[DESCRIPTION OF THE TASK]: Set the data down exactly as it stands, and keep its pictures out.

[DATASET EXCERPT]:
-- Opening Marker --

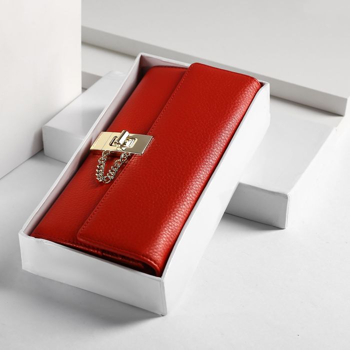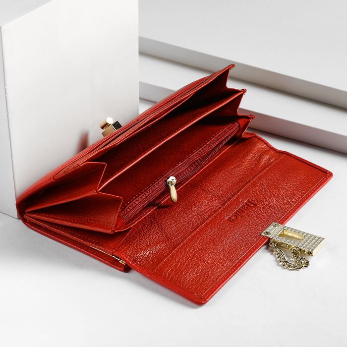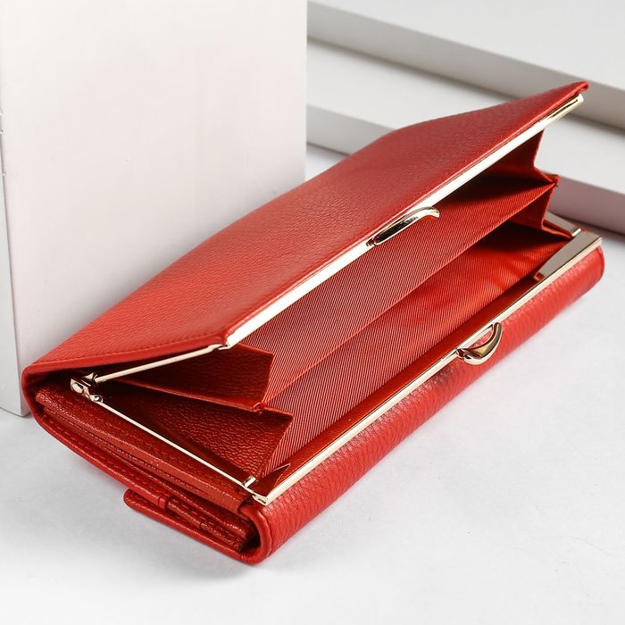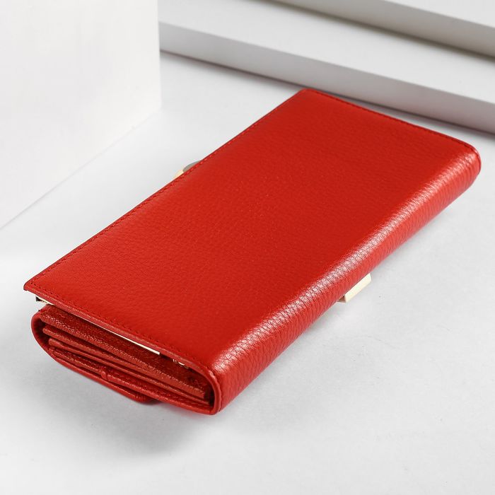 Кошелёк женский, 5 отделов, для карт, для монет, наружный карман, цвет красный
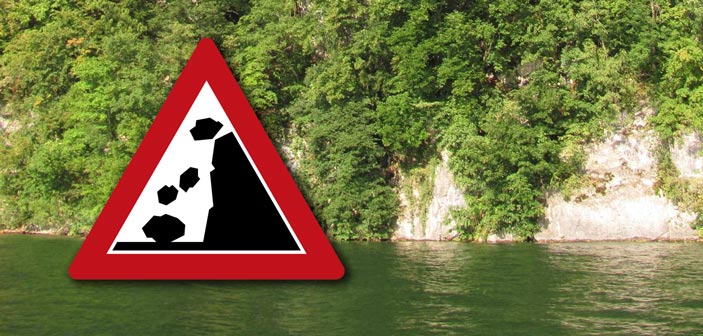 Während die Paddler drei Schritte daneben auf den Uferfelsen in der Sonne saßen, donnerte vor vier Jahren ein Felsbrocken mit einem Meter Durchmesser aus rund 100 Metern auf ihre Boote herab und verfehlte die Wassersportler nur knapp (Bericht aus 2013). Seither schrammte niemand mehr derart knapp an einer Katastrophe vorbei, aber die Gefahr besteht weiterhin.
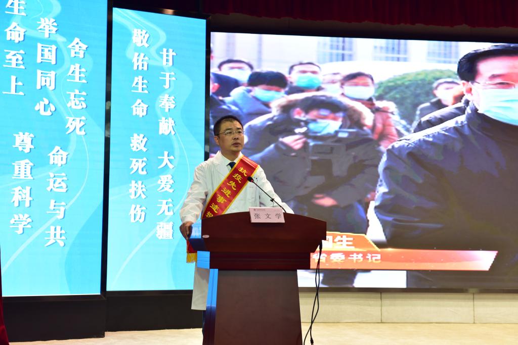 赵圣先在致辞中指出,青年是整个社会力量中最积极、最有生机的力量,国家的希望在青年,民族的未来在青年。此次“抗疫先进典型事迹报告团”走进星空XK体育开展巡讲活动,是深入贯彻落实习近平总书记关于抗击新冠肺炎疫情一系列重要讲话精神的具体体现,也是弘扬伟大的抗疫精神,持续深化“不忘初心、牢记使命”主题教育常态化的实际举措。他希望广大师生通过报告会能够学有所思、学有所悟、学有所得,唱响学习先进典型、弘扬医者职业精神的主旋律,积极践行社会主义核心价值观,将伟大的抗疫精神转化为自己的理想担当,以实际行动筑牢信仰之基、补足精神之钙、把稳思想之舵,用青春梦想谱写新时代人生华章。

-- Closing Marker --

[WRITTEN ANSWER]:
 Кошелёк женский, 5 отделов, для карт, для монет, наружный карман, цвет красный
 Während die Paddler drei Schritte daneben auf den Uferfelsen in der Sonne saßen, donnerte vor vier Jahren ein Felsbrocken mit einem Meter Durchmesser aus rund 100 Metern auf ihre Boote herab und verfehlte die Wassersportler nur knapp (Bericht aus 2013). Seither schrammte niemand mehr derart knapp an einer Katastrophe vorbei, aber die Gefahr besteht weiterhin.
 赵圣先在致辞中指出,青年是整个社会力量中最积极、最有生机的力量,国家的希望在青年,民族的未来在青年。此次“抗疫先进典型事迹报告团”走进星空XK体育开展巡讲活动,是深入贯彻落实习近平总书记关于抗击新冠肺炎疫情一系列重要讲话精神的具体体现,也是弘扬伟大的抗疫精神,持续深化“不忘初心、牢记使命”主题教育常态化的实际举措。他希望广大师生通过报告会能够学有所思、学有所悟、学有所得,唱响学习先进典型、弘扬医者职业精神的主旋律,积极践行社会主义核心价值观,将伟大的抗疫精神转化为自己的理想担当,以实际行动筑牢信仰之基、补足精神之钙、把稳思想之舵,用青春梦想谱写新时代人生华章。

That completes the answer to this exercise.